Nikon F6 – Film Perfection?

The Nikon F6

is a camera I often discount as just Nikon saying, “Hey, we are still the King when it comes to film cameras”! But it’s not. It is truly a marvel. In fact, it’s the only camera I know of on the B&H website, including Leica’s, that has more than 30 or 40 customer reviews and is still !00% 5 star rated. You’d expect at least one 4 star review! Nope. (Nikon’s latest digital wonder has nothing on an F6,….uhh, except a sensor)

Nikon F6 Review Lite

This is not meant to be an in-depth review. Probably the best full review I’ve seen is over at ByThom.com.
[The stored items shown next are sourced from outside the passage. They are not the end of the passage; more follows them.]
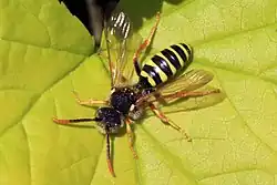 One example of a group of insects that uses this method of chemical mimicry would be cuckoo bees (genus: Nomada). Cuckoo bees will parasitize bees of the families Melittidae and Andrenidae.[4] Cuckoo bee males will produce chemicals that are similar in structure to the volatile lipids secreted by host females and these chemicals are transferred to cuckoo females so that they may camouflage their eggs within the host's nest. This would allow the females to pass off the care of her eggs and larvae onto the host, benefiting the parasite and burdening the host.[4]
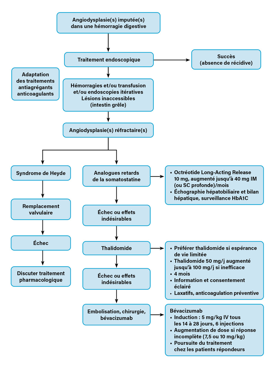 L’endoscopie constitue la pierre angulaire de la prise en charge diagnostique et thérapeutique des AGD. Cependant, le remplacement valvulaire (radiologique ou chirurgical) se discute rapidement dans le syndrome de Heyde, et des traitements pharmacologiques (AS et thalidomide principalement) s’envisagent lorsque les besoins transfusionnels sont trop élevés ou que les épisodes hémorragiques et les recours à l’endoscopie sont trop fréquents. Le bévacizumab, l’embolisation et la chirurgie se discutent dans les situations les plus réfractaires ou de sauvetage.
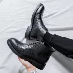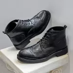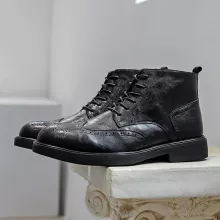 Step confidently into any occasion with these Vintage British Men’s Leather Ankle Boots. Crafted from premium genuine cow leather, these boots offer a timeless design that pairs effortlessly with both casual and formal outfits. The lace-up brogue detailing adds a touch of sophistication, while the pointed toe and low heel create a sleek, modern silhouette. Perfect for autumn and winter, these boots are designed to keep you stylish and comfortable as the seasons change.High-Quality Craftsmanship
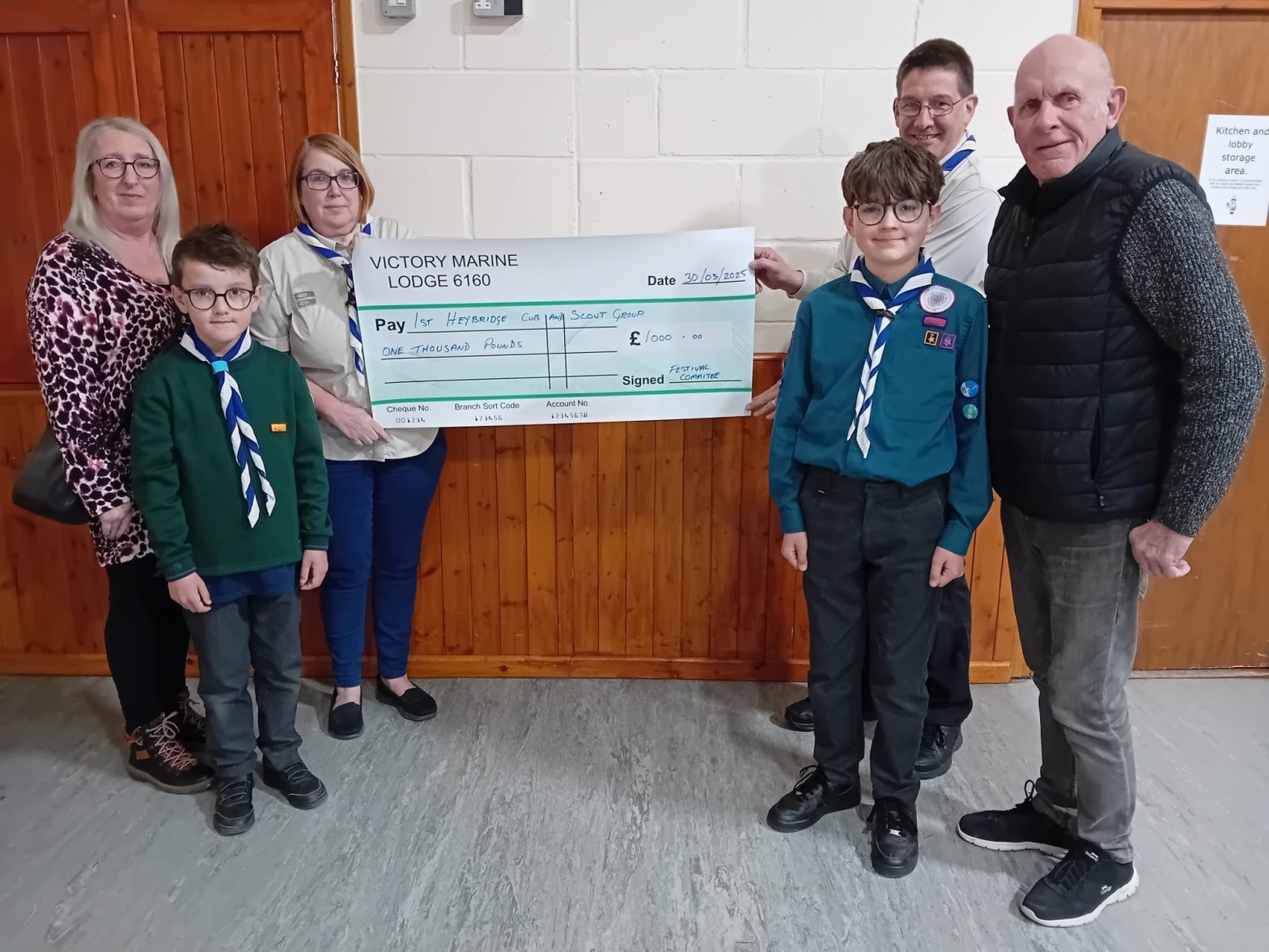 Victory Marine Lodge 6160 Past Master, W. Bro Jamie Knights & his wife Marion hand a cheque for £1,000 to the 1st Heybridge Cub & Scout Group raised from the Festival Committee. Share this:Tweet Print (Opens in new window) Print Email a link to a friend (Opens in new window) Email Related

It’s extensive and accurate.

Still in Stock

The  Nikon F6 is Nikon’s flagship film camera. You can still buy it new.  (although Nikon lists it as backordered) The advance design, including an 11-area super accurate AF perfectly melded with Nikon’s awesome Creative Lighting System (iTTL flash) and 3D Color Matrix Metering. Plus a built-in shooting data memory, (my favorite), plus the ability to program custom functions and all the other stuff data backs do.


Analog camera


So, you can customize your shooting preferences with 41 Custom Settings. It also has a greatly improved algorithm 3D Color Matrix metering, a flexible Center Weighted metering and Spot metering that you can assign to any one of 11 focus points. The new AF uses the Multi-CAM 2000 AF Sensor Module and has 9 AF sensors. It has the normal Single Area AF, plus some pretty advanced Dynamic modes, including Focus Tracking with Lock-On, Closest Subject Priority and Group.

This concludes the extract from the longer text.